Es war ein großer Erfolg, als vor drei Jahren das System Watson des IBM-Konzerns in der amerikanischen Quizshow Jeopardy! zwei menschliche Mitstreiter besiegte. Bei dem Quiz galt es, gesprochene – auch mehrdeutige – Fragen korrekt zu beantworten. Das Computersystem war damals noch so groß wie eine Garage, aber es war klar, dass sich das ändern würde. Heute ist es 24 Mal schneller, 2.400 Prozent leistungsfähiger und hat die Größe eines Desktop-PCs.

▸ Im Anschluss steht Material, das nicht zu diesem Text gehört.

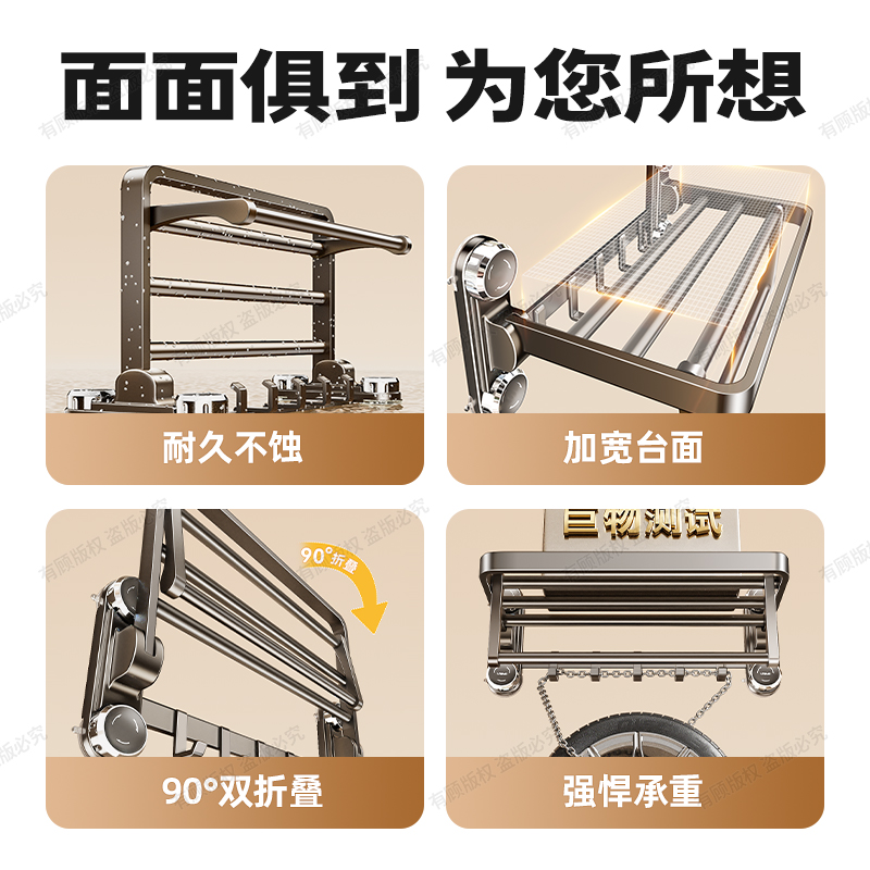 双杆吸盘毛巾架家用浴室免打孔收纳带挂钩干湿两用轻奢挂杆置物架

Es geht natürlich nicht um Spielereien, sondern um Cognitive Computing Software mit entsprechenden Services und Anwendungen. Lernende Systeme sollen die immer größer werdenden Datenmengen genauer analysieren und bessere Antworten auf die unterschiedlichsten Fragestellungen finden.

Und warum das Ganze? In Zeiten von Big Data (eine Boeing 747 produziert beispielsweise auf einem Inlandsflug 240 TByte an Daten) ist die Analyse anfallender Daten hochkomplex. Watson ist ein System, das polystrukturierte (= strukturierte, unstrukturierte sowie maschinengenerierte) Daten und menschliche Sprache verarbeiten kann, es kombiniert die Erzeugung und Bewertung von Hypothesen – und ist lernfähig.

Zum Einsatz kommen soll das System zum Beispiel im Gesundheits- und Finanzwesen.

Fachleute beobachteten, dass eine von fünf Diagnosen, die von Ärzten gestellt wurde, falsch oder unvollständig ist – den Ärzten fehlte schlicht das nötige Wissen. Dabei wären alle für die korrekte Diagnosestellung nötigen Informationen verfügbar, der behandelnde Arzt ist aber häufig zeitlich nicht in der Lage, alle Informationen aufzunehmen und zu verarbeiten. Jeden Tag veröffentlichen Medizinische Fachzeitschriften neue Forschungsergebnisse und Behandlungsmethoden. Krankengeschichten von Patienten enthalten wichtige Hinweise, elektronischen Krankenakten beinhalten eine Menge an Informationen. Watson könnte Ärzten helfen, Wissenslücken zu schließen. IBM hofft auf große Fortschritte zum Beispiel in der Krebsmedizin.

Finanzdienstleister stehen vor ähnlichen Problemen, die Informationsmenge, die für Entscheidungen zu Rate gezogen werden sollte, ist gewaltig, täglich werden Tausende von Seiten mit Finanznachrichten veröffentlicht. Auch hier könnte Watson aus dem Überangebot kundenrelevante Informationen herausfiltern.

Selbst in Afrika will IBM mit Watson tätig werden. Wissenschaftler und Unternehmer sollen für die Weiterentwicklung des Kontinents Zugang zu kognitiven Computertechnologien bekommen. Um Lösungen für Bereiche wie Gesundheit und Bildung, Wasserversorgung, Mobilität oder Landwirtschaft zu entwickeln, will der Konzern 100 Millionen US-Dollar investieren.